Sin dignarse a contestar, Azrael alzo la mano apuntándole sin vacilación alguna a pesar de su ceguera. Una esfera de reiatsu rojizo se formo velozmente en su mano, la energía en su interior giraba a gran velocidad y se comprimía sobre sí misma.

- Un cero, venga, en serio, ¿eso es todo? Un cero no podrá ni tocar a un capitán de mi nivel - El cero salió disparado hacia su objetivo, el cual lo esquivo con shumpo y volvió a aparecer unos metros más cerca. Sin sorprenderse, Azrael sonrió y lo ignoro mientras liberaba a la arrancar que había ido a buscar, a la espalda del arrogante shinigami el cero volvía a tomar forma esférica y a precipitarse sobre su objetivo. Esta vez el shinigami no pudo huir, el cero detono en una horrísona explosión que inundo el lugar de llamas y humo. El techo se desplomo sobre ellos y Azrael se lanzo usando el sonido a través de la abertura. Su pesquisa, que ya era sorprendente en hueco mundo, se había agudizado hasta el extremo durante los siglos que había permanecido en aquella sala, postrado y ciego. Ahora permanecía activa permanentemente y formaba poco menos que una gigantesca esfera a su alrededor, permitiéndole conocer hasta el mas mínimo detalle del reiatsu que se encontraba en su interior. Esto lo dotaba de una especie de radar espiritual que le proporcionaba una esplendida información de su entorno, llegando casi a suplir la carencia de visión. Y ahora este nuevo sentido no dejaba de alertarle, varios reiatsus de nivel capitán se acercaban a gran velocidad, no les quedaba tiempo. Azrael elevo su reiatsu al máximo, y lo canalizo tratando de concentrarlo lo más posible para ganar velocidad, la energía que emanaba no tardo en levantar fuertes corrientes de aire a su alrededor mientras usaba sus alas y su sonido conjuntamente tratando de ganar el tiempo necesario como para crear una garganta que pudieran atravesar sin que los capitanes lo siguieran. A su alrededor, la tormenta cubría sus pasos.

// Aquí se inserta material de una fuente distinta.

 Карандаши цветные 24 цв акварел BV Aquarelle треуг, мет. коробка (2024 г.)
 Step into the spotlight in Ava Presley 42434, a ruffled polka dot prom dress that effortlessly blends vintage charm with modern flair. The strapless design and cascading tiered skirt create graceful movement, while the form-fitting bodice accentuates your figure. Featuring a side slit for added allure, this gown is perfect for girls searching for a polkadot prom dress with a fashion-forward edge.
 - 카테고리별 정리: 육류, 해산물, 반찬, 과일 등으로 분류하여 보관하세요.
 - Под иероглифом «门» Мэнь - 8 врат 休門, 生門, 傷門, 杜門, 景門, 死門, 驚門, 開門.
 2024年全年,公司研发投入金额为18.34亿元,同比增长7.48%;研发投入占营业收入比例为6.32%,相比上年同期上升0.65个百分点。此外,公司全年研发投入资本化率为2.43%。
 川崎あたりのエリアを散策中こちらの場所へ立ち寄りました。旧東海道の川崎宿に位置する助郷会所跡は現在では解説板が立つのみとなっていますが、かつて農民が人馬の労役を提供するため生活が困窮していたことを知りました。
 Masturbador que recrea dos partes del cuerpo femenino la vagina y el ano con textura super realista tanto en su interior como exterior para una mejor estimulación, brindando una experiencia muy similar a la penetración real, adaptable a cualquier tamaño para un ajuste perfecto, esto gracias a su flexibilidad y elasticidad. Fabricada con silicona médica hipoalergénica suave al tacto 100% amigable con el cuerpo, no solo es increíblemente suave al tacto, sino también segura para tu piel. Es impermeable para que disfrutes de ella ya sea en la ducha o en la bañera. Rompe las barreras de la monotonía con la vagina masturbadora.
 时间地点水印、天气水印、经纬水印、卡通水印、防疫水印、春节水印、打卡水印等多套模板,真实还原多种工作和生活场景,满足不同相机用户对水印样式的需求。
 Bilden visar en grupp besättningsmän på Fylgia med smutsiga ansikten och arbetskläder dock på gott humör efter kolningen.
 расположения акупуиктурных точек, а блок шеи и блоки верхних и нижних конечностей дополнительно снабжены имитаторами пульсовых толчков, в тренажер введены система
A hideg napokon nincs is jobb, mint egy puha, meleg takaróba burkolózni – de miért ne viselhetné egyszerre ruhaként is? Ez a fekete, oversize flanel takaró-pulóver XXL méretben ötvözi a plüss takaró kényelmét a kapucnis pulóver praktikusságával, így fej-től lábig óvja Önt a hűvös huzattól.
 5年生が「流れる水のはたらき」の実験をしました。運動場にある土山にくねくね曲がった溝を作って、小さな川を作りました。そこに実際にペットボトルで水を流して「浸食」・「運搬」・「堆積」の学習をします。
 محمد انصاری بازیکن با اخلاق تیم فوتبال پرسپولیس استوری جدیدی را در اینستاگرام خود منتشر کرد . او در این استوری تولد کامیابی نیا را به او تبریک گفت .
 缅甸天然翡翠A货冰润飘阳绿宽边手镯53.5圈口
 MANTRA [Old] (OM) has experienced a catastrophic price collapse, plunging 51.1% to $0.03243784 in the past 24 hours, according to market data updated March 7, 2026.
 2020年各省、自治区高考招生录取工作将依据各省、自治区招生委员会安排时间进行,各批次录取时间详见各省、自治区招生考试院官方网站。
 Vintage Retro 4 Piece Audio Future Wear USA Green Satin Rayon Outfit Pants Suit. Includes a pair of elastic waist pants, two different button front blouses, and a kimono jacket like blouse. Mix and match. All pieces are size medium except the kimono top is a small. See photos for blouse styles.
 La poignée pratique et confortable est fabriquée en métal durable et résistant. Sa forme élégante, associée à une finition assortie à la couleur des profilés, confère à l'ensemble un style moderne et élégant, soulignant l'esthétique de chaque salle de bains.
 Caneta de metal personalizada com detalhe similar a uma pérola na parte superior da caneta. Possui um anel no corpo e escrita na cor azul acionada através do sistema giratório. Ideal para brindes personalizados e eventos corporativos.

En algún remoto lugar de la sociedad de almas rodeado de montañas cayo Azrael del cielo. Agotado, cubierto de múltiples heridas que ya no era capaz de regenerar y expulsado del cielo por sus perseguidores Azrael impacto contra el suelo. La garganta se encontraba allí, en el cielo, apenas si había conseguido crearla antes de que lo alcanzaran finalmente, se encontraba allí, tan cerca que parecía poder tocarla con los dedos, pero se encontraba demasiado lejos. Los capitanes se acercaban a ella, rodeándola y dispuestos a sellarla. Lleno de una fría rabia y desesperación, Azrael se puso a duras de pie y se llevo las manos al rostro. Clavo sus fuertes dedos a través de la dura mascara que cubría su rostro y concentro las pocas fuerzas que le quedaban, quebrándola trozo a trozo mientras su pecho profería el más ferviente y desesperado alarido, la manifestación de su impotencia y frustración, acumuladas durante tanto tiempo. Arranco se la máscara con un último esfuerzo y rugió una vez más, mientras su reiatsu se disparaba durante un segundo y a su alrededor, la tierra se quebraba, temblando. Innumerables espadas de piedra surgieron del suelo en ese lugar y unas gigantescas puertas de piedra se alzaron a su espalda. Con todo su nuevo poder reunido se lanzo de nuevo al cielo, ayudándose de unas alas que empezaban a desprenderse, así como su máscara. Los capitanes no tardaron en reaccionar al verle lanzarse como una flecha hacia la garganta y, alarmados por el espectáculo que acababan de presenciar, levantaron tantas barreras como pudieron alrededor de la garganta. Fue en vano. Desesperado como estaba, Azrael saco fuerzas de donde no parecían quedar y adelanto la mano hacia la barrera. Los recuerdos de su vida humana se sucedían a gran velocidad, no podía caer, no aquí. De su mano el filo de una espada azulada y de aspecto etéreo e inestable. Y sobrevino el choque, la barrera tembló al recibir el impacto y el punto en el que se juntaban la barrera y la espada se agrieto, pero no cedió. "Mas, mas... el poder para destruir todos los obstáculos" Las imágenes del dragón pasaron por su mente, la espada negra, que lo había matado, apareció ante sus ojos ahora velados por la oscuridad. El filo que surgía de su mano se oscureció y cambio totalmente, la barrera empezó a desintegrase bajo su contacto mientras el brazo de Azrael empezaba a fusionarse con el filo.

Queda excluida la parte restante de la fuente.